As such, a straightforward “eat-less, move more” strategy might not work equally for everyone. The guidelines note that “obesity management should be about improved health and well-being, and not just weight loss.”

To help primary care practitioners better treat obesity, the doctors outlined five steps:

  1. Recognition of obesity as a chronic disease by health care providers, who should ask the patient permission to offer advice and help treat this disease in an unbiased manner.
  2. Assessment of an individual living with obesity, using appropriate measurements, and identifying the root causes, complications and barriers to obesity treatment.
  3. Discussion of the core treatment options (medical nutrition therapy and physical activity) and adjunctive therapies that may be required, including psychological, pharmacologic and surgical interventions.
  4. Agreement with the person living with obesity regarding goals of therapy, focusing mainly on the value that the person derives from health-based interventions.
  5. Engagement by health care providers with the person with obesity in continued follow-up and reassessments, and encouragement of advocacy to improve care for this chronic disease.

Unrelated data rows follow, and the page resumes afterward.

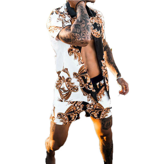 Men’s Summer Shirt Set – Printed Lapel Short Sleeve Top with Matching Shorts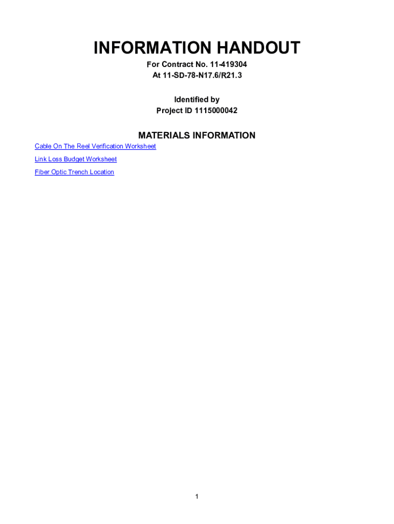 INFORMATION HANDOUT For Contract No. 11419304 At 11SD78N17.6/R21.3 Identified by Project ID 1115000042MATERIALS INFORMATION Cable On The Reel Verification Worksheet Link Loss Budget Worksheet Fiber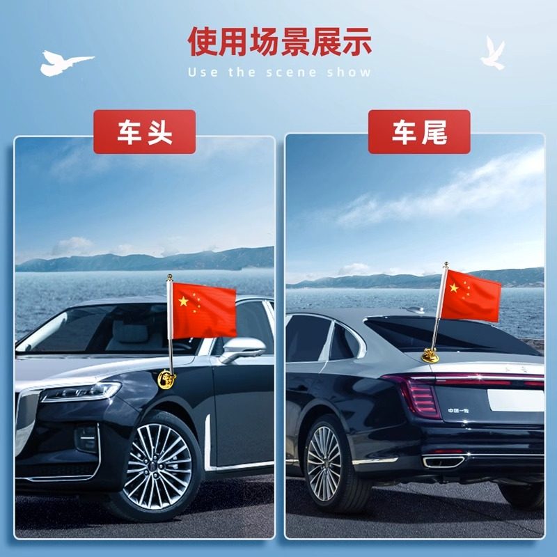 吸盘式车载国旗外置摆件小红旗旗杆五星红旗h7h5车外中国国旗h9汽车用婚车饰迎宾旗车头车顶车队装饰免打孔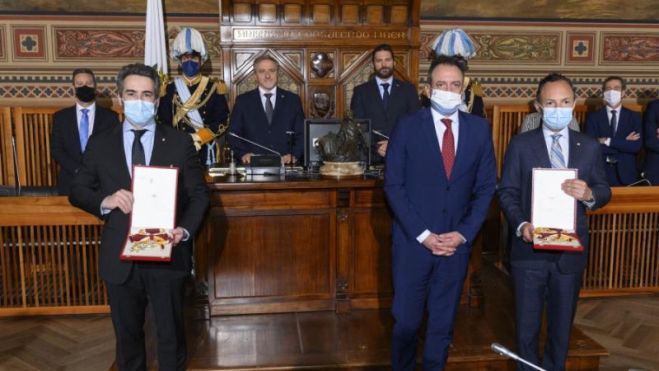 El cap de Govern i el ministre de Finances han rebut aqueta tarda la distinció d’honor de la Gran Creu Eqüestre de l’Ordre de Santa Àgata de la República de San Marino per part dels Capitans Regents de San Marino, Gian Carlo Venturini II i Marco Nicolini I.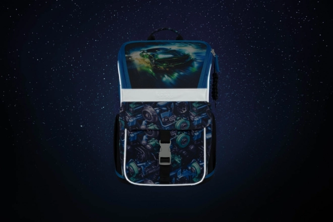 De praktische en stijlvolle set met racemotief maakt elke schooldag makkelijker. De ergonomisch gevormde schooltas met het verschuifbare rugsysteem ERGO ADJUSTABLE SYSTEM sluit precies aan op de lengte van het kind, terwijl de verstelbare schouder-, borst- en laterale compressieriemen zorgen voor comfort en een correcte verdeling van de belasting.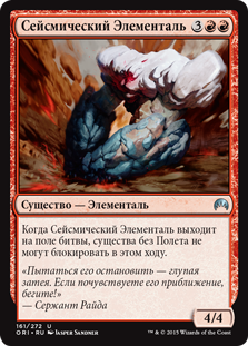 | Rules | When Seismic Elemental enters the battlefield, creatures without flying can't block this turn. |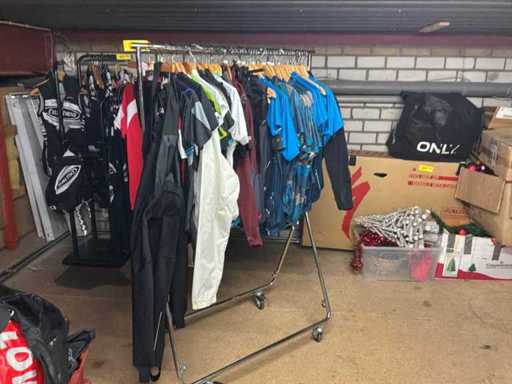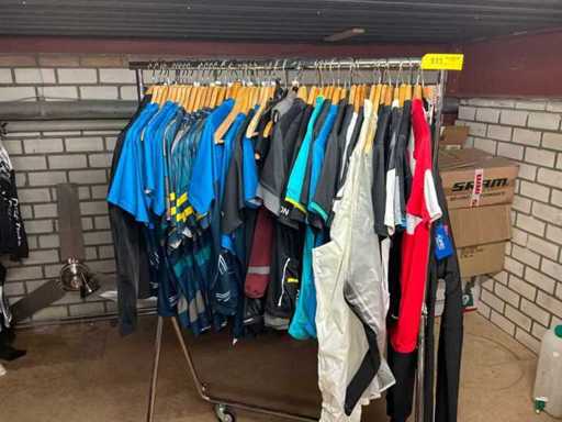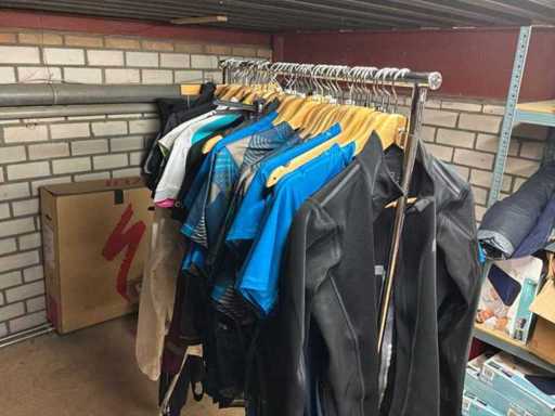 Vari marchi di abbigliamento per ciclismo. Un mix di abbigliamento da donna e da uomo. Dimensioni e tipi diversi. Include il portapacchiere.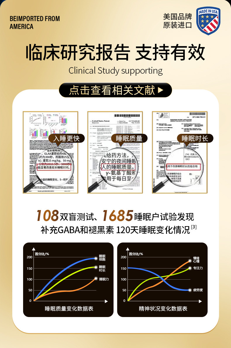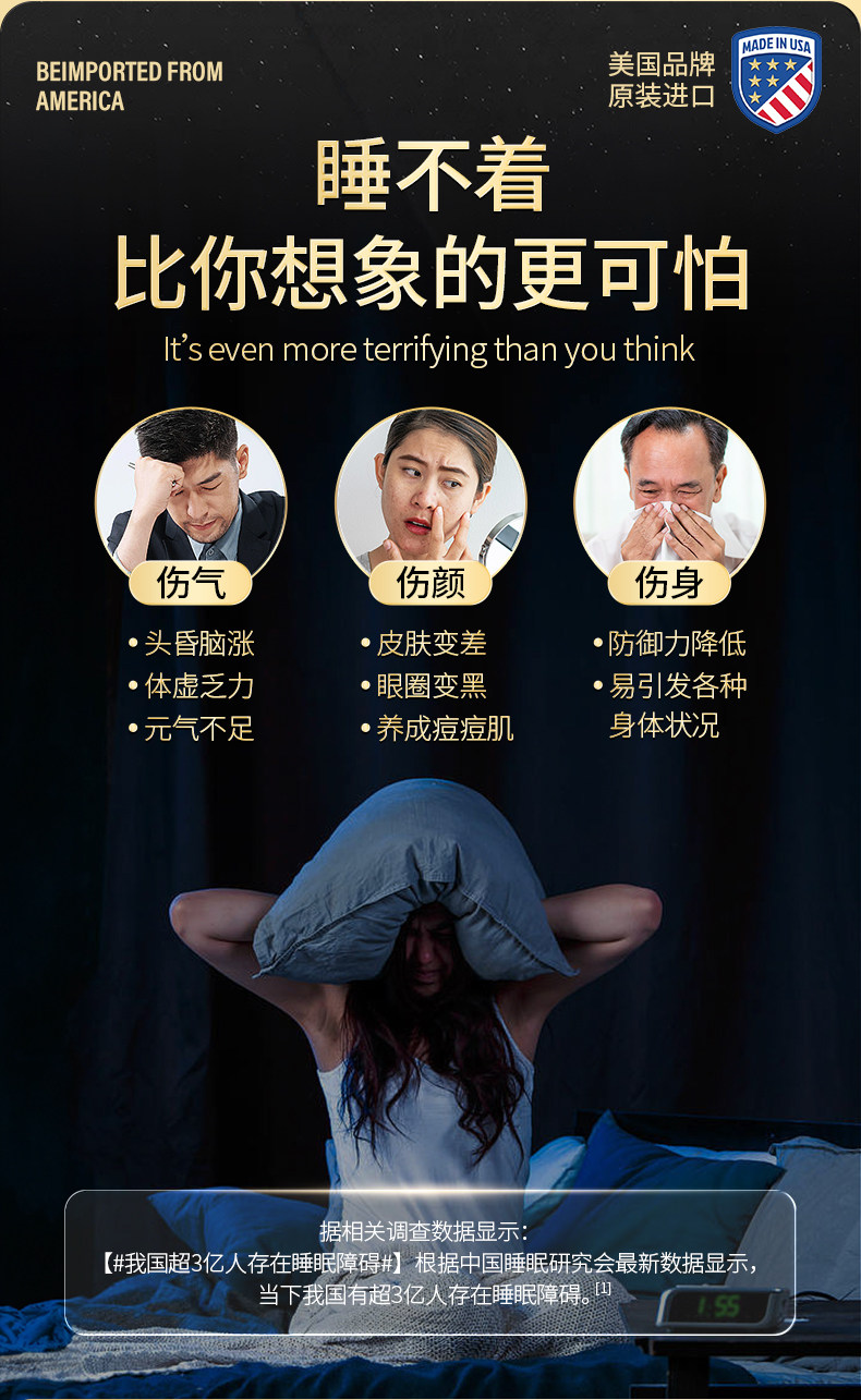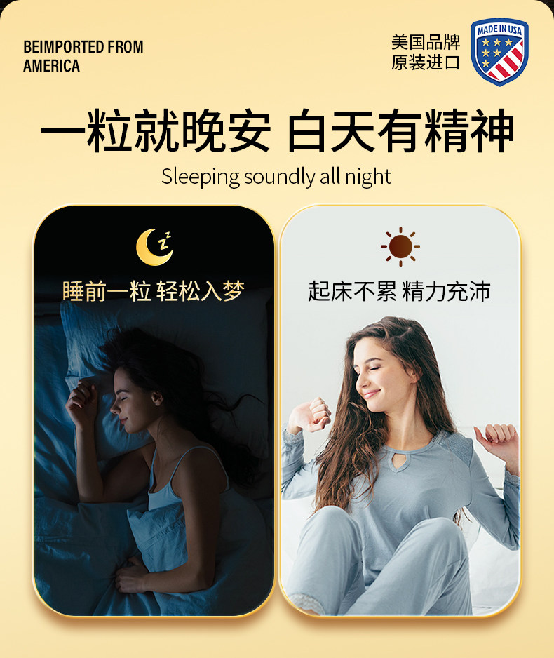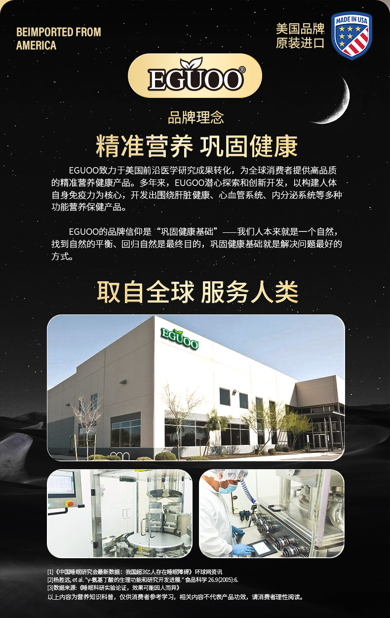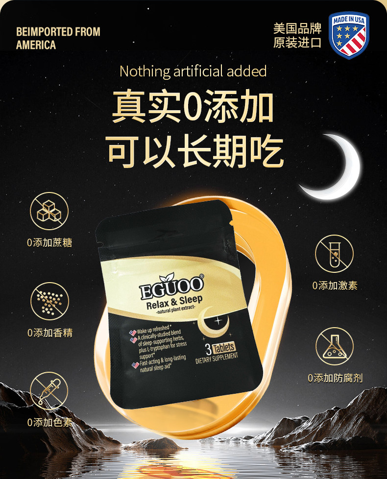 美国原装进口EGUOO复合植物褪黑色素gaba助眠改善睡眠片试用装s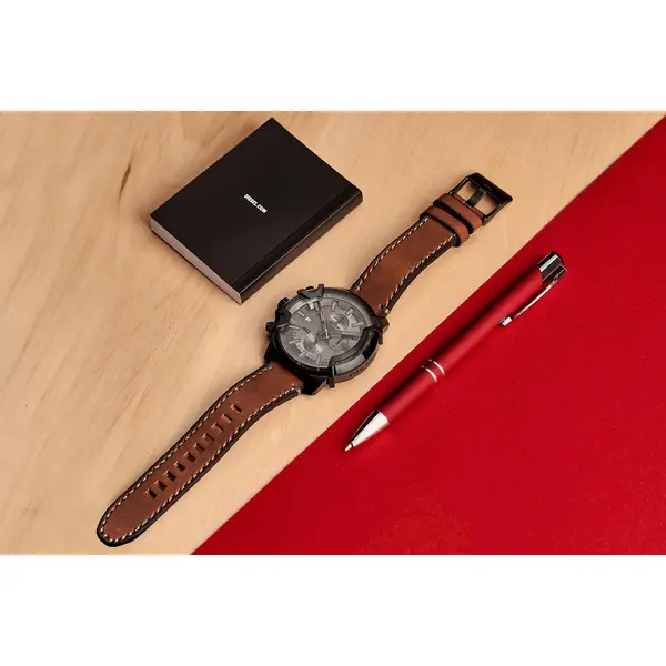 A Diesel Griffed Chronograph DZ4569 férfi karóra azoknak készült, akik a markáns megjelenést és a praktikus funkciókat egyszerre keresik. A barna, természetes bőrszíj elegáns részleteket ad, míg a korrózióálló nemesacél, kerek tok és a fekete, analóg számlap időtálló összhatást teremt. A számlapot tartós ásványi üveg védi.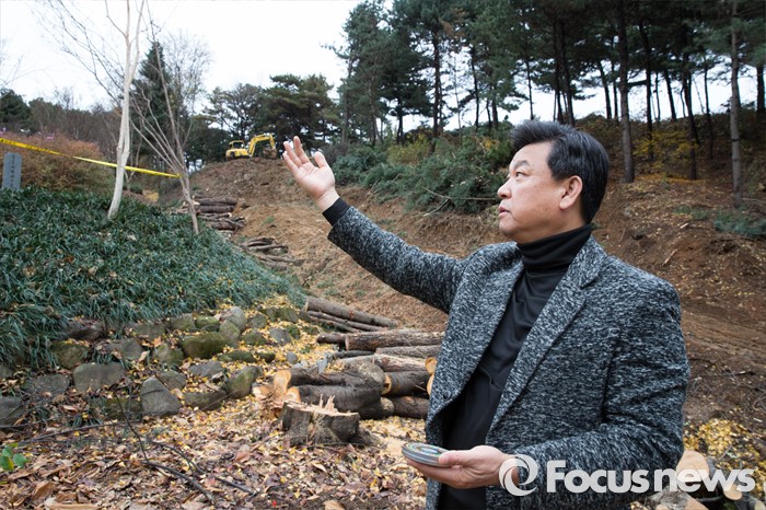| △ 23일 오후 서울 동작구 국립현충원 제3장군묘역 인근 김영삼 전 대통령의 묘가 들어설 자리 앞에서 박민찬 도선풍수과학원 원장이 인터뷰에 응하고 있다. <사진제공=포커스뉴스> |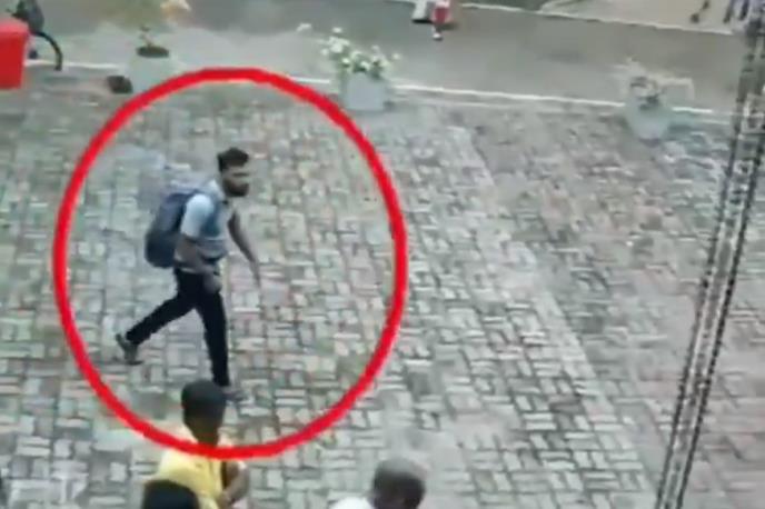 Na snimku koji je nastao nekoliko sekundi uoči napada vidi se kako tamnokosi muškarac sa velikim rancem ide ka crkvi.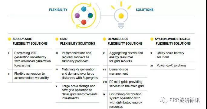 此案例表明,具有實際影響的實際解決方案來自創(chuàng)新的組合。正確的組合和最佳解決方案對于每個國家可能不同,但許多國家都有共同點。將這4個維度的創(chuàng)新相結合所產生的解決方案降低了電力系統(tǒng)成本。國際可再生能源署已詳細闡述了11種解決方案,以提高電力系統(tǒng)的靈活性,以說明如何結合創(chuàng)新,從而在針對間歇性可再生能源集成的定制方法中產生效果。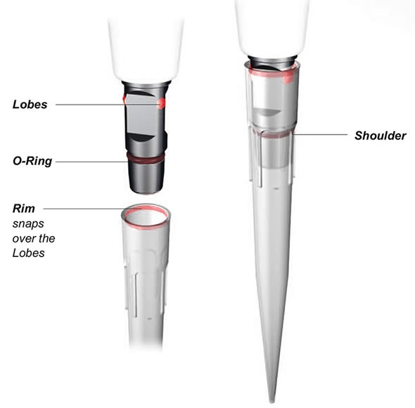Do your pipette tips ever loosen, leak or fall off? This is a common issue in laboratories, caused by the use of universal pipette tips. Such tips require “hammering on” which stretches the shape of the pipette tip rim. The stretched pipette tip rim immediately starts moving back to its original shape, away from the tip cone. This can cause leaking, misaligned tips and even pipette tips that completely fall off the pipette!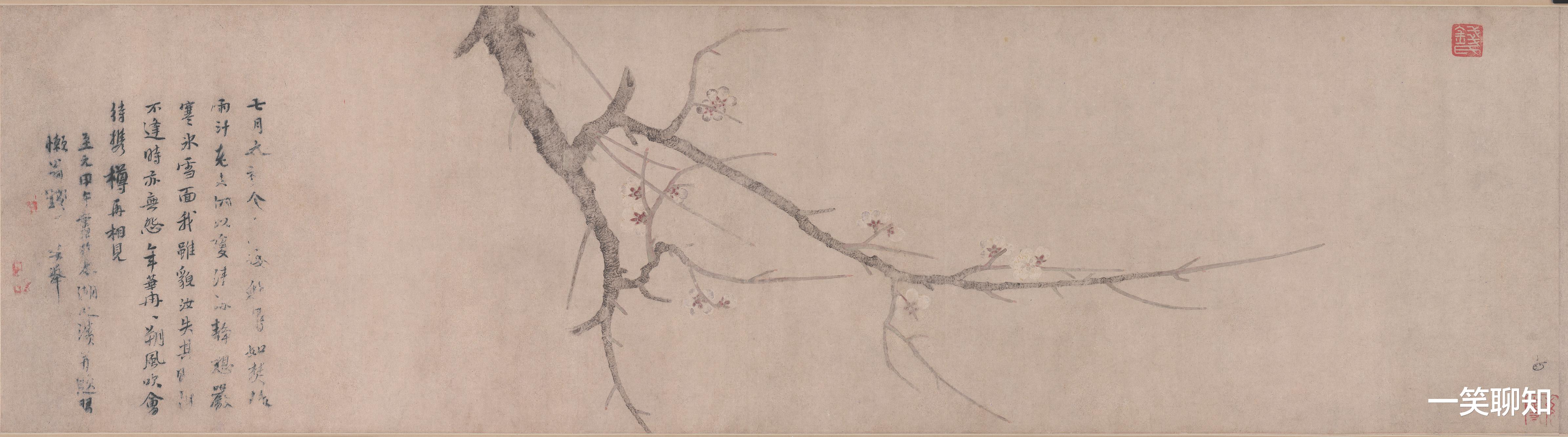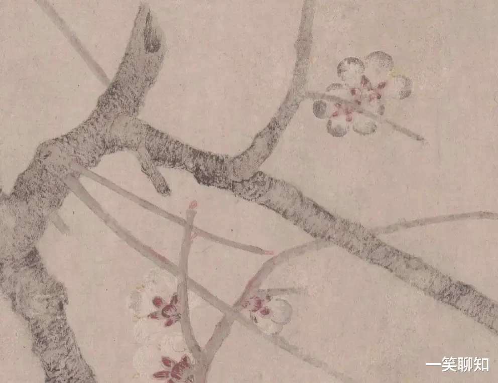 更绝的是他的笔法。牡丹枝干上的赭色线条故意偏离墨线,据说是因为他“手指颤掉”(可能是长期饮酒所致),但这种“失误”反而让枝干像被风吹得歪歪扭扭,仿佛在颤抖中坚持站立。梅花段更绝,不用墨线勾勒,直接用白粉没骨渲染,花瓣边缘泛着氧化的黑色,像被泪水浸透的纸,清冷孤傲得让人揪心。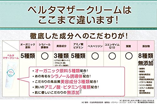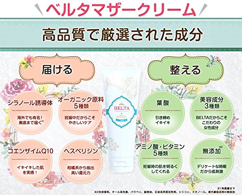 BELTAのお客様の生の声から生まれた「ベルタマザークリーム」産後もキレイでいて欲しい!そんな想いで開発しました。 有名な「シラノール誘導体※」を配合・さらに体に優しいオーガニック原料5種類・コエンザイムQ10・ヘスペリジン配合を贅沢に配合!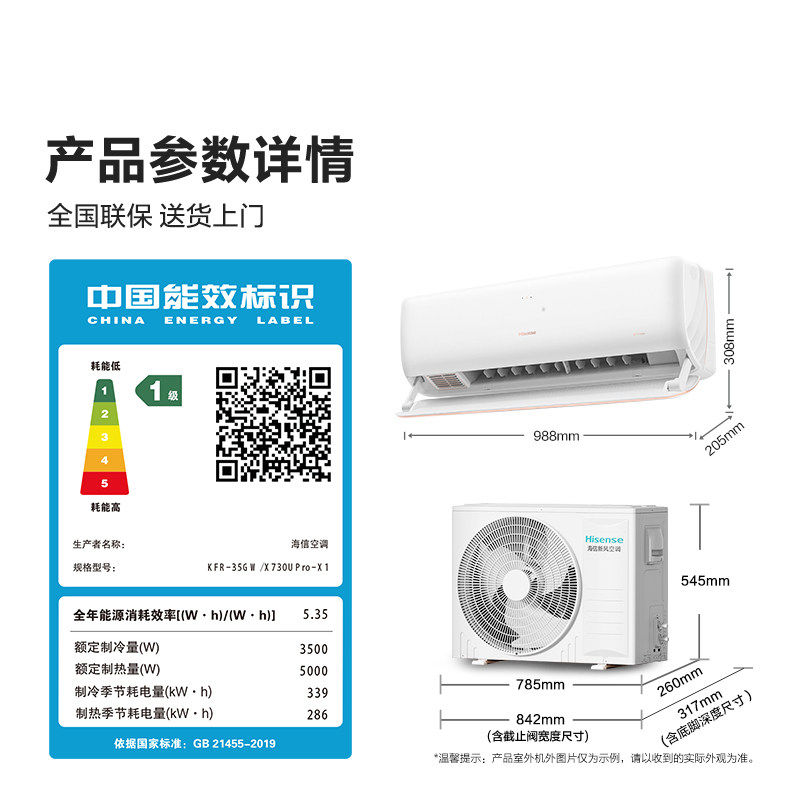 海信新风空调深睡宝X3pro大1.5匹挂机一级变频卧室家用换新补贴

Insider noted that some health professionals and body-positive advocates don’t think the guidelines go far enough in reframing obesity treatment. The update still points “to individual bodies as the problem, not culture,” registered dietitian Rebecca Scritchfield, told Insider.

But it’s also possible to see how some health professionals may worry this new model could discourage patients from taking the initiative to tackle weight-loss on their own, through exercise and dieting.

In a 2020 opinion piece published in Frontiers in Nutrition, Dr. Elliot M. Berry argued that misplaced “medical and political correctness” may lead to the abrogation of the physician’s responsibility to properly care for patients.

“For example, some doctors are now even reluctant to raise the issue of obesity lest they be accused of fat shaming by not accepting their patients’ proportions (despite the quote at the head of this opinion piece), and thereby receive poor approval ratings in an atmosphere where popularity is equated with good healthcare.”

Berry offers a list of nine steps that he thinks could help the healthcare industry better treat obesity, without shaming patients or falling prey to political correctness.

Berry concludes his piece:

“Parental and individual responsibility, choice and self-management clearly have a place near the center of the stage in the obesity tragedy. Otherwise, it is like going to see the play Hamlet and the Prince fails to make an appearance.”